The Commission had grappled with the idea of allowing fast food restaurants on the Avenue before. Last year Commissioners applauded the opening of BurgerFi, a new fast food franchise that promised to adhere to the city’s ordinance requiring table service for restaurants. A year later, the city’s opinion of the restaurant has soured.

“Whether you want to or not, you have to talk about what happened in the past, and that’s BurgerFi,” Winter Park Chamber of Commerce President Patrick Chapin said. “That’s where the heartburn started.
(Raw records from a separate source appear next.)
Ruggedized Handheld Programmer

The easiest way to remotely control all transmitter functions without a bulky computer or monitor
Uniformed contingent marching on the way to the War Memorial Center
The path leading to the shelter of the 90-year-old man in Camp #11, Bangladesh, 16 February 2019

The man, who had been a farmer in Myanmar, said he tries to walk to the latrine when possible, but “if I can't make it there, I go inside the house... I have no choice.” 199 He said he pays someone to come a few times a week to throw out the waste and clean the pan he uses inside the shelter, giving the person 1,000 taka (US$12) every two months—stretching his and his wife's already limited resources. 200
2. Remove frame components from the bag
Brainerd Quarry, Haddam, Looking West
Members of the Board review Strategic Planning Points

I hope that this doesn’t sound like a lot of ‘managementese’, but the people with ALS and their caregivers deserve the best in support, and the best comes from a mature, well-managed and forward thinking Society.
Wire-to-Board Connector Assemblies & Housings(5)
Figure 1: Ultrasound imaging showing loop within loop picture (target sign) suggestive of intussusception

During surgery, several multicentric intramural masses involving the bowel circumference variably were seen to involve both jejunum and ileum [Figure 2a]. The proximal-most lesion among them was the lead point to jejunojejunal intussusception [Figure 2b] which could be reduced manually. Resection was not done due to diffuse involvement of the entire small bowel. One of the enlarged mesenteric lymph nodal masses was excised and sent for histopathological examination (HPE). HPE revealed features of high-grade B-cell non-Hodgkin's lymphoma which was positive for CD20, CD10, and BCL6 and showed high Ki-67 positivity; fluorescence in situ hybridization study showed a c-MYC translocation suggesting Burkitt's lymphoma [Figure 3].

No one could argue that the ordinance that BurgerFi came in under … that they’re adhering to that policy.”

But even forcing table service at establishments serving food proved a sticky situation for enforcement, as Development Director Jeff Briggs pointed out that numerous food-serving businesses along Park Avenue don’t offer table service and aren’t being booted.
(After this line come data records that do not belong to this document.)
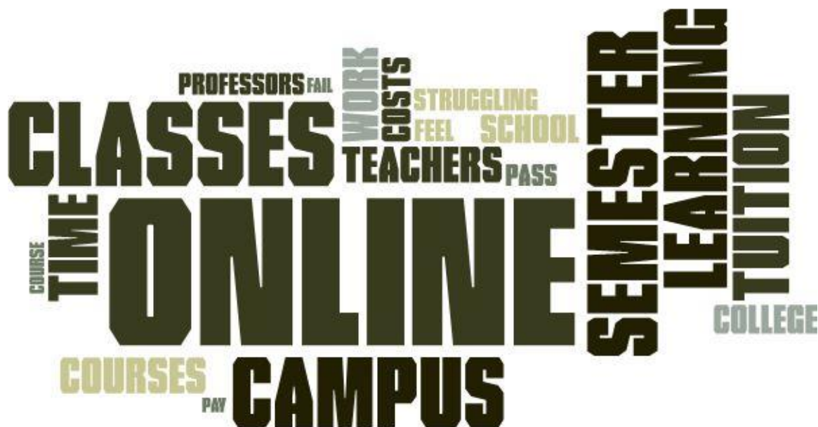
Figure 3. Word cloud of open-ended survey responses to the question, “Based on your situation, what could your college do to better support you?”

In general, students indicated a need to improve their online/distance education experience. This was consistently referenced as the greatest need for improvement across
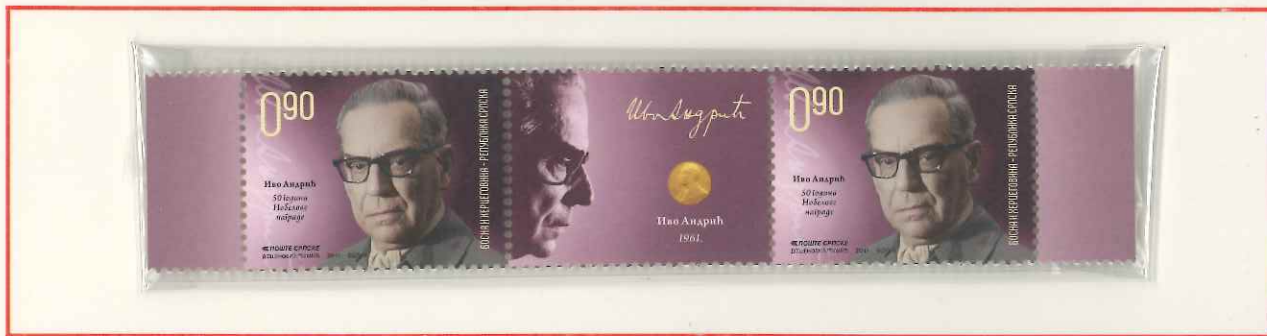
Print without control no
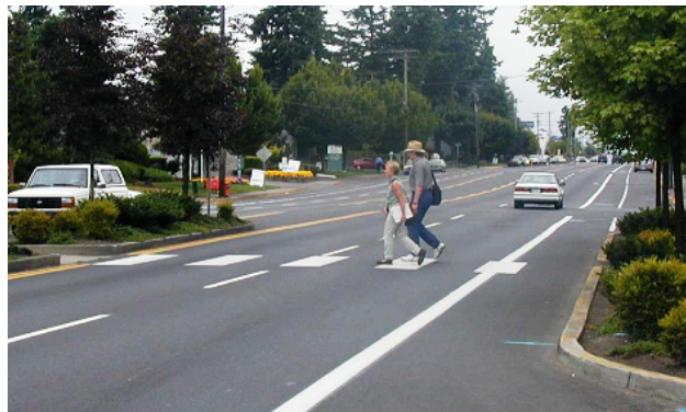
INVEST IN TOTAL STREETScape IMPROVEMENTS

“There’s coffee shops like Starbucks or Palmano’s, then all the sudden you

can get a sandwich there,” he said.

The intent of the look and feel of Park Avenue should override zero-tolerance regulations, Mayor Ken Bradley said. Even if a restaurant like McDonald’s offered table service, it might not fit in on the Avenue, he said. “If there was a McDonald’s on Lincoln, I think there would be somebody saying Park Avenue is going to hell.”
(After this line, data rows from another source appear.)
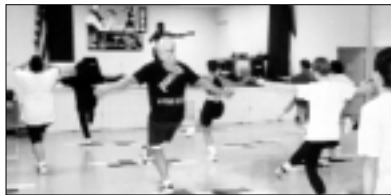
Health through exercise at Jazzercise class.
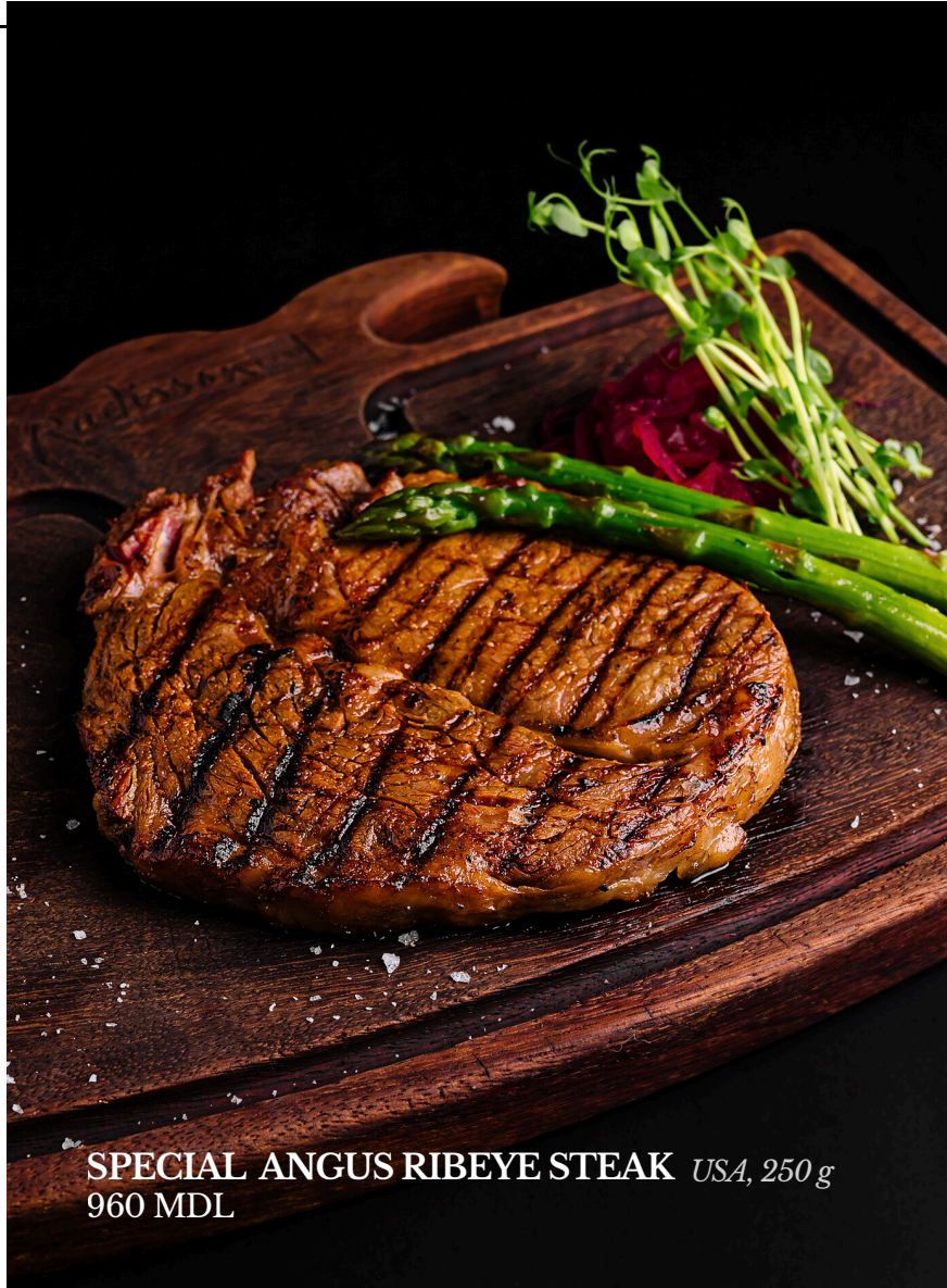
SPECIAL ANGUS RIBEYE STEAK USA, 250 g 960 MDL
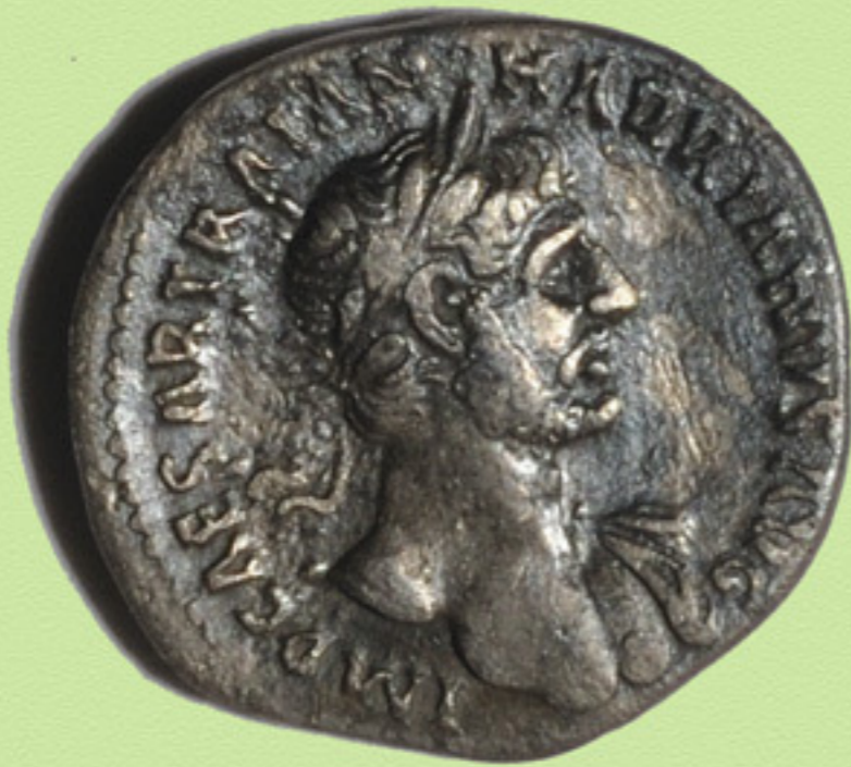
Silver Denarius Coin with head of Emperor Trajan 118 AD Found in Shenley Brook End
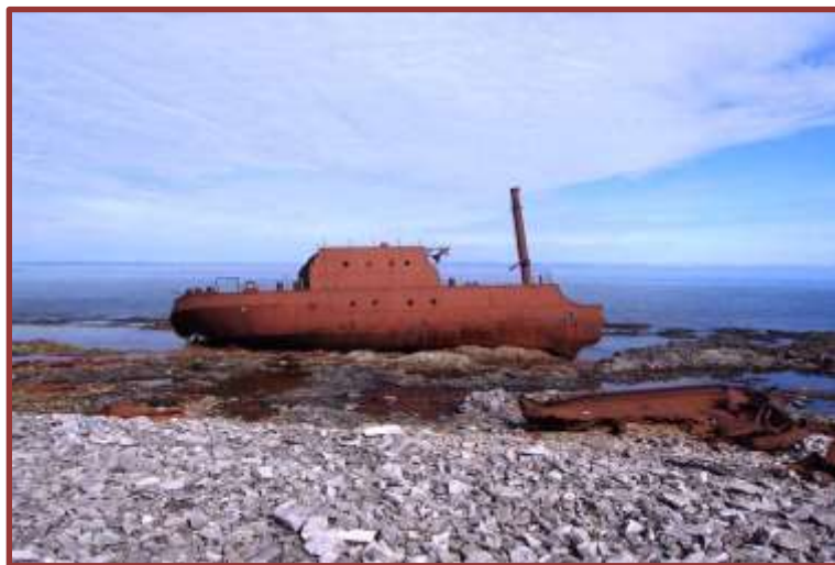
The SS Empire Energy ran aground at Big Brook in November 1941

Empire Energy was a 6,548 GRT cargo ship that was built in 1923 in Germany. She was sold to an Italian firm in 1932 and renamed Gabbiano. She was seized by the United Kingdom in 1940, passed to the Ministry of War Transport and renamed Empire Energy. She served until 5 November 1941 when she ran aground off Cape Norman,
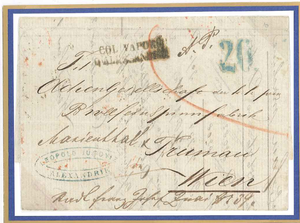
4 APR 1867 Stampless folded entire letter sent from ALEXANDRIA to WIEN on 9 APR 1867 bearing hand stamp "COL VAPORE / D'ALEXANDRIA" in two line in black, via TRIEST c.d.s. dated 9/4/1867. Transit time 6 days. Paid 20 s./15gr., covering the postal rate of the destination.
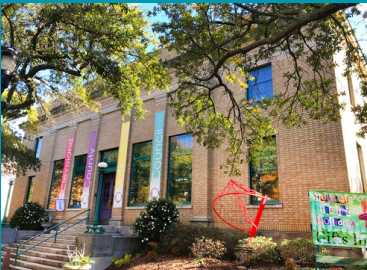
Cleveland County Arts Council

Click here for Google Maps walking directions to easily navigate the route. This self-guided walking tour is round trip and will take approximately an hour to an hour and a half to complete.

Bradley cautioned against banning chain restaurants.

“The No. 2 Olive Garden that started in the 1980s, that was in the present [310 Park South location],” Bradley said.

In the end the Commission voted unanimously to table the issue and send it back to the planning and zoning board to clarify some issues before it returns to the Commission. When that time comes, Chapin said, the Commission should be prepared to make hard decisions about the future of the Avenue.

“The struggle with dictating aesthetics is just the reality of your jobs,” he said. “You can’t have it both ways. You can’t say ‘this is uncomfortable’ about regulating, because otherwise we’d have a tattoo parlor on every corner.”